Seymour Benzer, 84, is known as the "father of neurogenetics."

The prize committee says Benzer's work uncovered the genetic links to behavior in fruit flies that serve today as the foundation for the study and treatment of diseases of the brain and central nervous system.

"Once we find the gene in the fly that controls a particular kind of behavior or neurological function, then we look in the human genome to find the corresponding gene in the human," said Mr. Benzer. "Very often these are very closely related. The importance is that we can then use the fruit fly as an experimental animal to try to get around the defects. For instance, by applying drugs and screening different kinds of compounds. We do experiments on the fly, which you cannot do on the human to get clues to treatment and understand the mechanism."

Prior to Benzer's discoveries, many scientists believed environment primarily shaped human behavior.

The prize committee cited Benzer for more than half a century of work in three disciplines: physics, molecular biology and behavioral biology. The committee says Seymour Benzer's seminal discoveries profoundly influenced a generation of scientists.

Before pioneering the filed of neurogenetics, Benzer is credited with discoveries in molecular biology that helped pave the way for the Human Genome Project, the effort to map the three billion genes in the human genome.

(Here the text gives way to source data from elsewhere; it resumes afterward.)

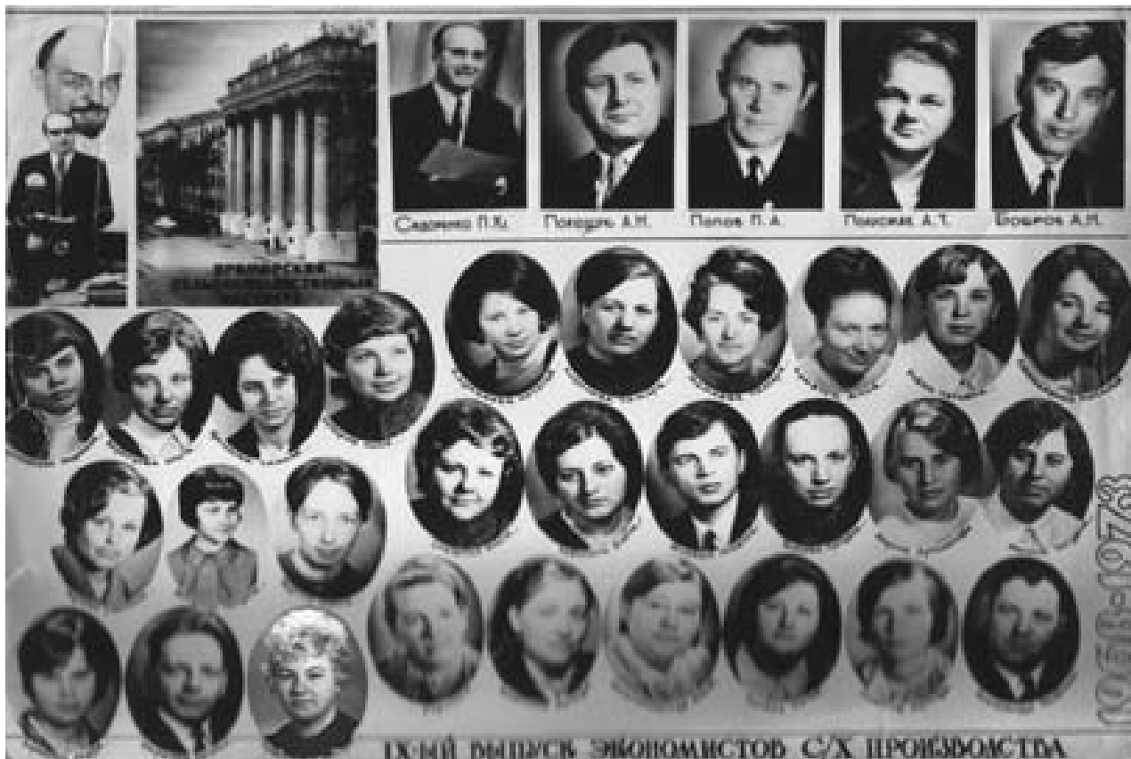
IX-ый выпуск экономистов сельскохозяйственного производства (нижний ряд третья слева)

На практике нам, студентам тех лет, было легко, поскольку нас готовили в учебных аудиториях к практической деятельности: составляли производственно-финансовые планы, рассчитывали технологические карты, знали экономику сельскохозяйственного производства, анализ, оплату труда. Да и принимали нас в хозяйствах с удовольствием, доверяли всю экономическую работу.
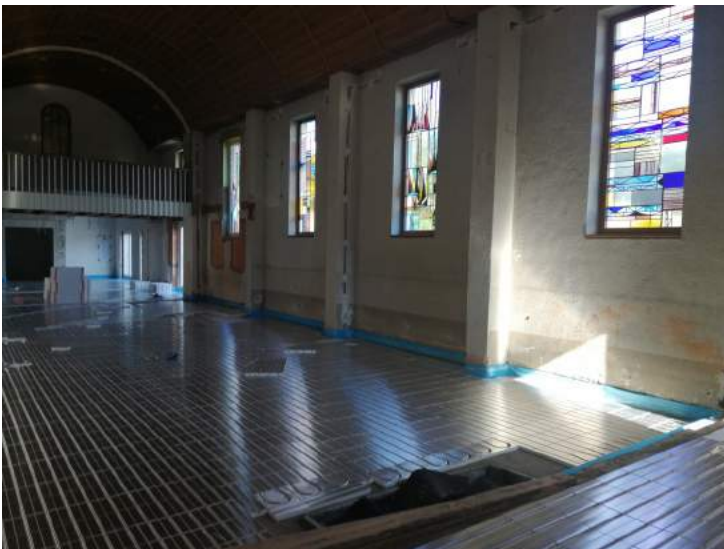
Galaktisch - die Fußbodenheizung wird verlegt

Unsere Konfirmanden, die Testgruppe, die zuletzt bei schlechtem Wetter eingezwängt im Pfarrbüro saß, spickte gerne. Am Martinstag wurden Altar, Ambo und Taufbecken mit
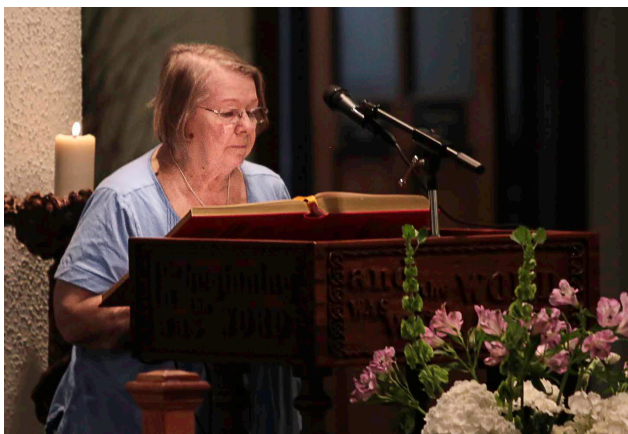
Proclamando la Palabra en una Misa Familiar de SPRED.

El enfoque catequético de SPRED era nuevo para mí. El requisito principal es desear ser un amigo –estar en conexión con los demás para que juntos nos volviéramos testigos del amor inquebrantable de Dios. Como catequistas, somos invitadas a formar una pequeña comunidad de fe en la Sesión de Preparación para Catequistas antes de cada reunión
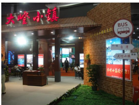
廈門旅展-大嶝小鎮館
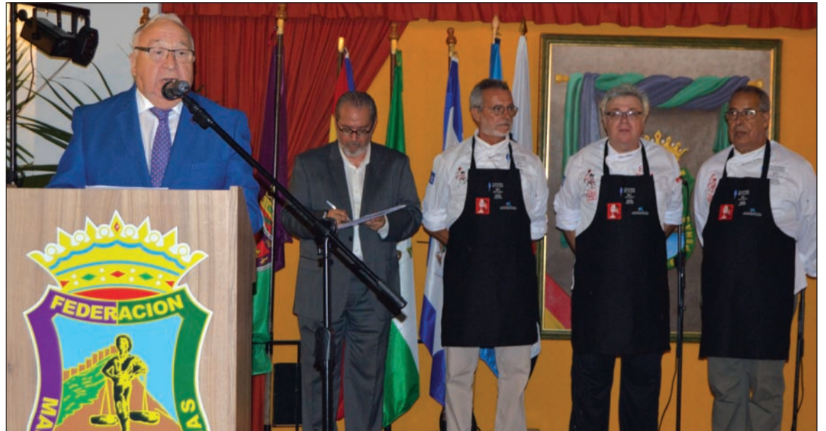
Intervención del presidente al inicio de la cena.
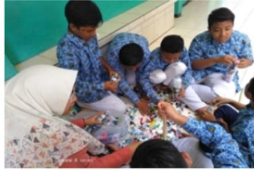
Gambar 3. Merancang bentuk Ecobrick
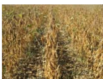
Abbildung 3: Reifer Sojabestand
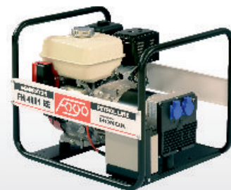
FH 4001 RE
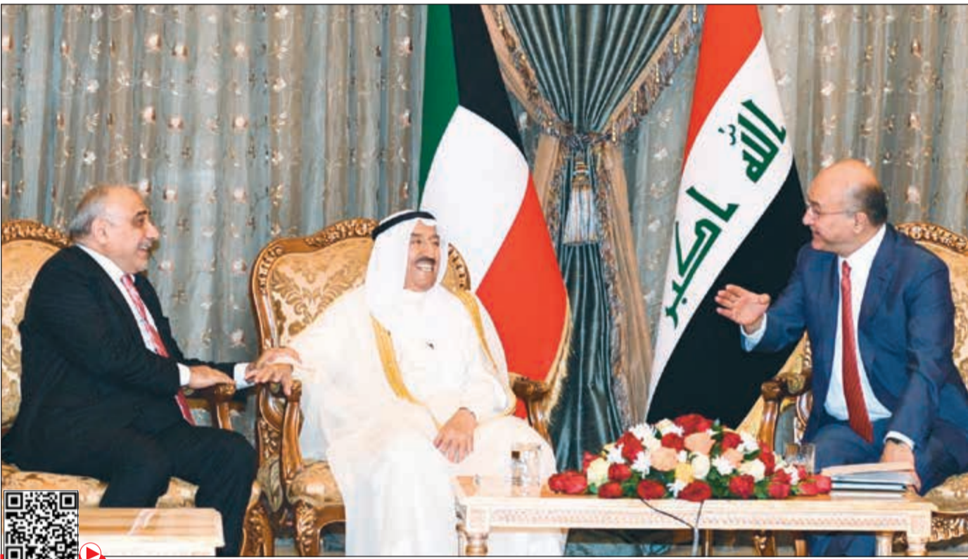
صاحب السمو الأمير الشيخ صباح الأحمد متوسطاً الرئيس العراقي براهيم صالح ورئيس الوزراء العراقي عادل عبدالمهدي خلال زيارة سموه التاريخية لبغداد أمس

■ ضرورة تذييل العقبات في ملفي إصدار سمات الدخول وتسهيل حركة البضائع والسلع بين البلدين
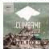
La locandina di "Climbam", primo festival dell'arrampicata all'Oca

I segreti dell'arrampicata nel primo festival all'Oca
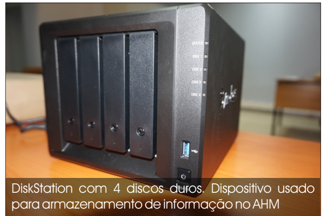
DiskStation com 4 discos duros. Dispositivo usado para armazenamento de informação no AHM

Sónia Tamele: Temos feito backups sim, fazemos normalmente 3 cópias e guardamos em 3 locais físicos diferentes. A periodicidade depende de cada situação, há instituições que fazem diariamente, semanalmente até mensalmente. No AHM fazemos os backups periodicamente.
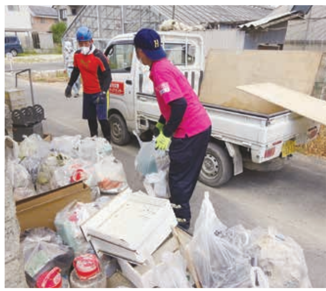
不用物の積み込み
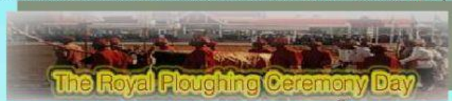
The Royal Ploughing Ceremony Day
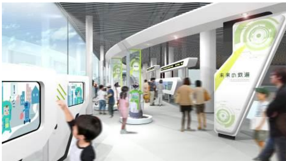
「未来」のステーション イメージ
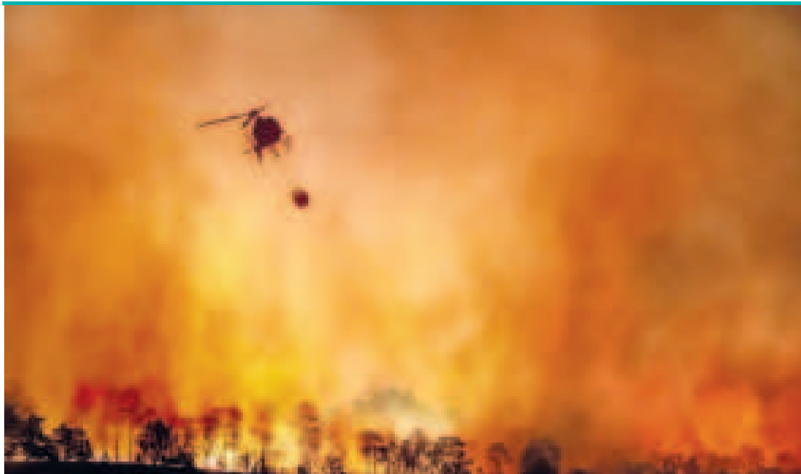
La Amazonia brasileña en una crítica situación por el fuego y la sequía.

// FOTO: MATTHAEUS | DESAFIOS CLIMATICOS RSS
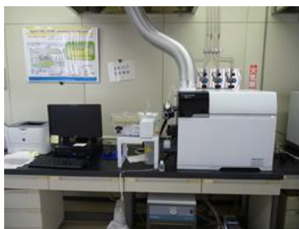
ICP質量分析装置 (金属類の分析)
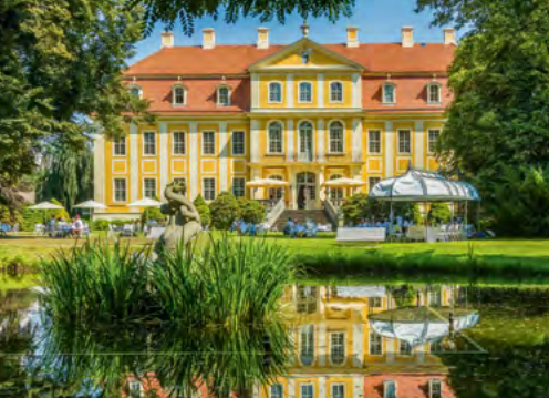
Barokní zámek Rammenuau
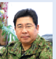
北部方面總監 陸将 酒井健

北部方面總監の酒井陸将です。平成20年8月1日付で第31代の北部方面總監として着任しました。私の統率方針は、「いかなる任務にも即応できる強靱な北部方面隊の育成」であります。 北部方面隊は、他国と国境を接する第1師団の方面隊であり、この地域に力のかぎを生じさせてはならず、この地域が安定していればこそ、日本の安
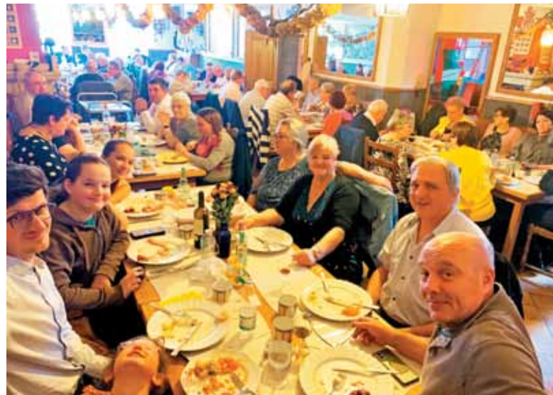
Pod streho slovenske misije je bilo živahno v vseh nadstropjih.

"I worked on the structure of the gene and the virus that attacks bacteria and the contribution there was to bridge the gap between the structure of DNA and what the actual gene structure was that corresponds to it," he noted.

Benzer, a New York City native, is professor emeritus of neuroscience at the California Institute of Technology. The scientist says he is proudest of still making it into his laboratory every day.

In the world of medical research, the Albany award is second only to the Nobel Prize in Physiology and Medicine. The prize began in 2000 with a $50 million gift commitment to the Medical Center from Morris Silverstein, a New York businessman, to encourage biomedical research. Silverstein, who passed away in January at the age of 93, wanted to create an American Nobel Prize.